Repeat exactly the lines of the material below that run from the "5月15日晚上八点左右,酒后" line to the "ムール貝の白ワイン蒸し煮とフライドポテト" line, including both, and do not carry over any pictures.

Segment Start: Data for this task

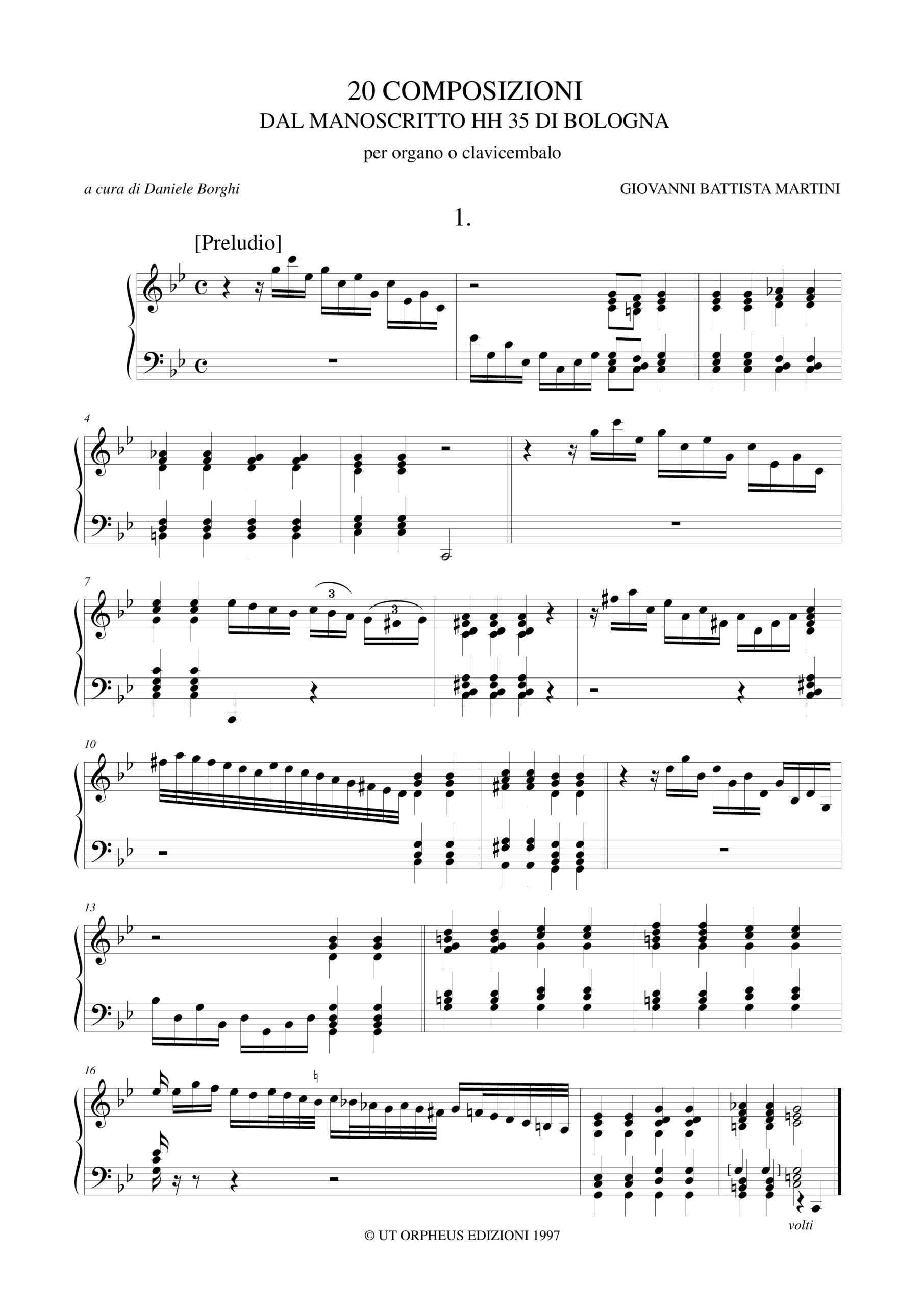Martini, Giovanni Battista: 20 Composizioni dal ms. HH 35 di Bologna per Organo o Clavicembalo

Segment End: Data for this task
Segment Start: Data for this task

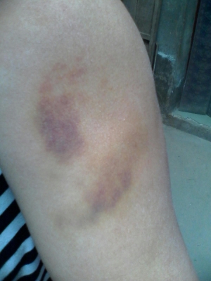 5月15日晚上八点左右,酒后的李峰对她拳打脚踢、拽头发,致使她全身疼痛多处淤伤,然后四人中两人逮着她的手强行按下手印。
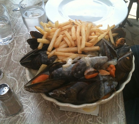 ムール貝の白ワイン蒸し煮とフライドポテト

Segment End: Data for this task

--- Task response ---
 5月15日晚上八点左右,酒后的李峰对她拳打脚踢、拽头发,致使她全身疼痛多处淤伤,然后四人中两人逮着她的手强行按下手印。
 ムール貝の白ワイン蒸し煮とフライドポテト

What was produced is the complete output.